After public outcry about the clause, which will see local charges against businessmen and United National Congress financiers Ishwar Galbaransingh and Steve Ferguson dismissed, the Parliament met yesterday in a bid to repeal the clause. Both men are wanted in the US on a series of fraud-related charges. They appealed the decision not to have them extradited and won. Attorney General Anand Ramlogan did not appeal the ruling since, he said, the men would face a “speedy trial in T&T.”
Dumas said the relationship between the US and T&T hadhave been affected. “It already has had an effect. They (US) have issued a statement and are not happy,” he added. Dumas said he could not estimate the extent of the US displeasure but such a clause ought not to have been added. If he were president, he said, questions would be raised as to why that particular clause needed to be proclaimed forthwith.
He said if he was not satisfied with the response by the Government representative, he would have spoken with his legal adviser before proclaiming it. Even if Parliament succeeded in repealing the clause retroactively, Dumas said, the businessmen would still have a constitutional case. “They can argue... ‘we did what we had to do and if you (Parliament) made a mistake, it’s not our fault,’” he said.
Dumas said despite the fact the men might not face trial in T&T, they were still wanted in the US and as a result of that, their travel overseas would be limited. Former Foreign Affairs Minister Paula Gopee-Scoon agreed, saying the damage already had been done. “The US cited the facts of the case against the businessmen and also pointed out very clearly their disappointment,” she added.
The former minister said there existed a treaty between the US and T&T as pertained to extradition and by the law being passed the treaty was dishonoured. “The AG gave the assurance the matter will be heard locally and it is the view of the US that these men must be brought to justice.

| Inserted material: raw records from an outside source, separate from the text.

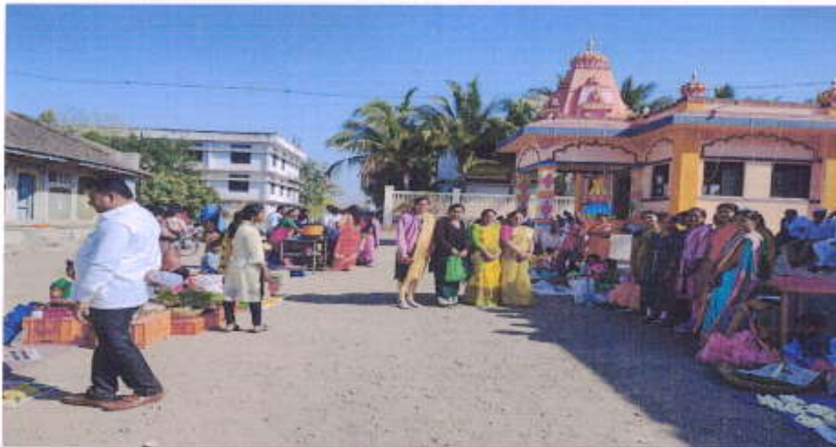
Anandmela in Dumberwadi
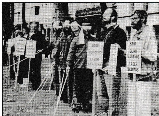
Demonstration against laser weapons, Netherlands, 23 June.

IPB is a member of the International Coalition to Ban Landmines. However, while several member organisations have been active in this field, we have not
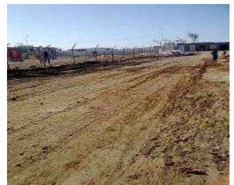
The road after
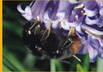
Bombus lapidarius (female)

Berberis Bluebell Bugle Flowering Currant Lungwort Pussy Willow Rhododendron Rosemary Dead-nettle Heathers
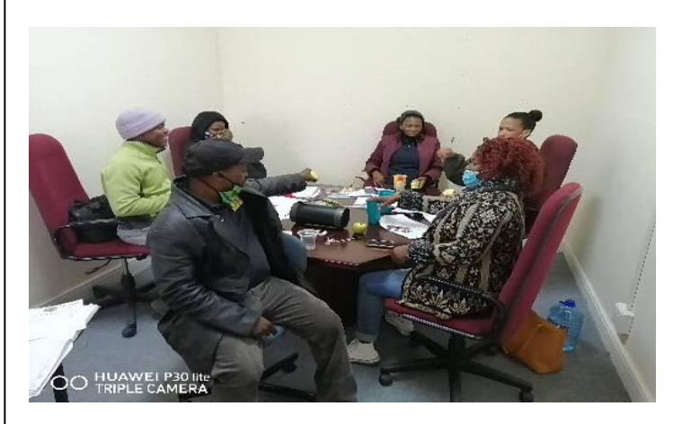
Picture 1: CLOs during and citizen monitor during the meeting at Maclear office

The <u>Pilot survey</u> covered a wide range of socioeconomic, livelihoods questions, and also featured some questions that speak to Climate Change Adaptation. The survey aims to come up with Social indicators to help the Tsitsa Project, Tsitsa River catchment residents and a team of researchers to track social impacts coming from a range of activities that seek to give effect on land restoration, sustainable land management and improved livelihoods. Thirty-three people participated in the Pilot survey which was conducted by Community Liaison Officers (CLOs). After the Pilot survey was completed, the CLOs, Tsitsa Project team and LIMA held a feedback meeting to discuss how the survey can be improved so that it can be rolled out in future. The meeting was conducted via Zoom and CLOs met at the LIMA offices in Maclear and used one Zoom profile to engage.
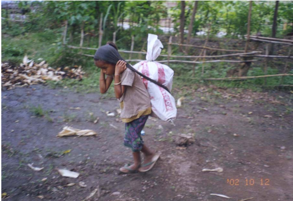
Young Khmou girl in the North taking corn to the market
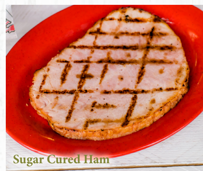
Sugar Cured Ham
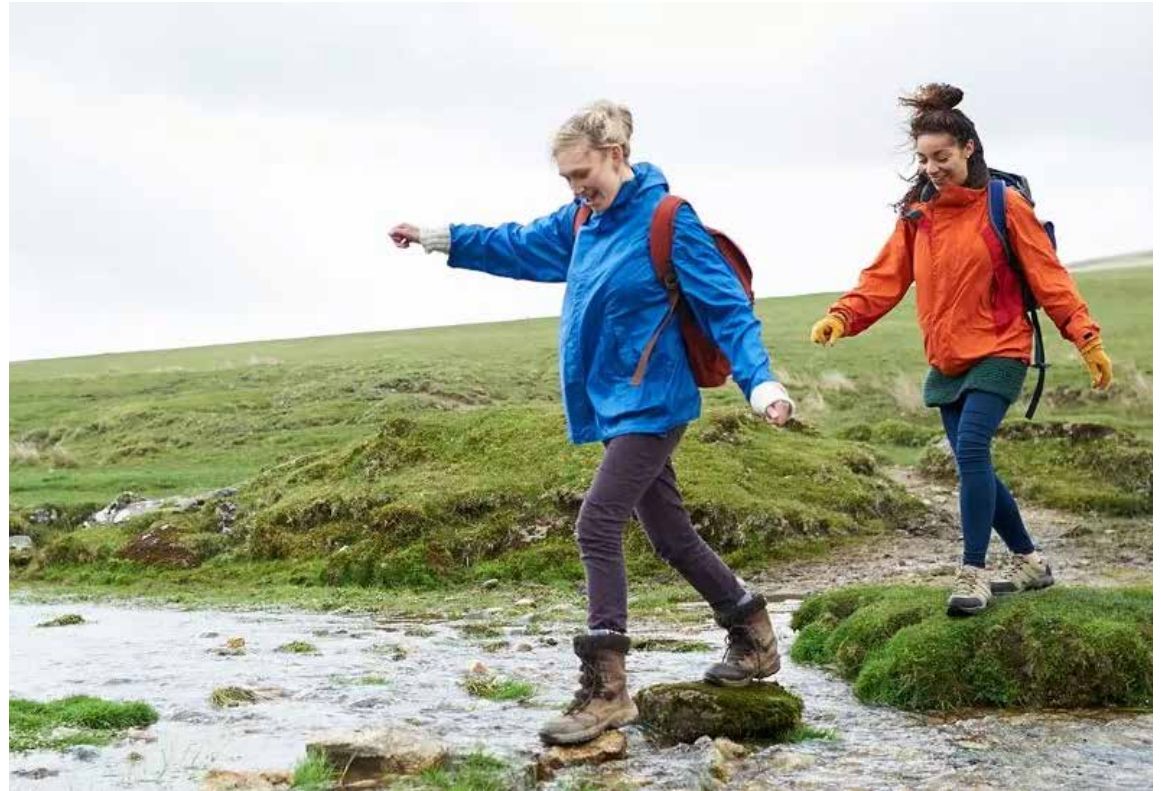
Walking is key to reducing the risk of premature death, according to a new study.

"I believe we should always emphasise that lifestyle changes, including diet and exercise, which was a main hero of our analysis,
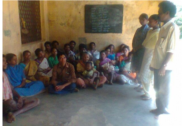
Meeting with SMC members, Lolangipadu
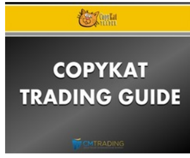
Social trading: a shortcut to investment profits in currency markets (CM Trading)
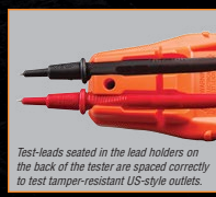
Test-leads seated in the lead holders on the back of the tester are spaced correctly to test tamper-resistant US-style outlets.
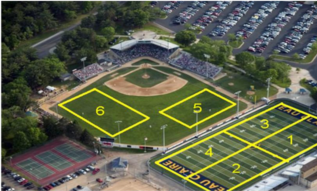
Flag Football – Carson Football Stadium - 100 Carson Park Dr, Eau Claire, WI 54703

What the Government is doing is seeking to deny these persons appearing in court,” Gopee-Scoon said.
Pointing out the impact was not just with the US, Gopee-Scoon said the international community was closely monitoring T&T and cited Caricom and the United Kingdom as falling victims to “Government’s deceptiveness.” On Wednesday, the US Embassy expressed concern over reports local charges against Galbaransingh and Ferguson might be dropped.
The two were first indicted in 2005 in a Miami federal court on numerous fraud and money-laundering charges stemming from alleged bid-rigging between 1996 and 2005 on contracts for the Piarco International Airport. The embassy said it would continue to seek their extradition “despite the ruling last year by the Trinidad and Tobago High Court. They remain under indictment in the United States.
“Mr Galbaransingh and Mr Ferguson are acused of committing fraud involving millions of dollars. It would be highly disappointing if, after years of investigation, their case was not brought to trial,” the embassy added.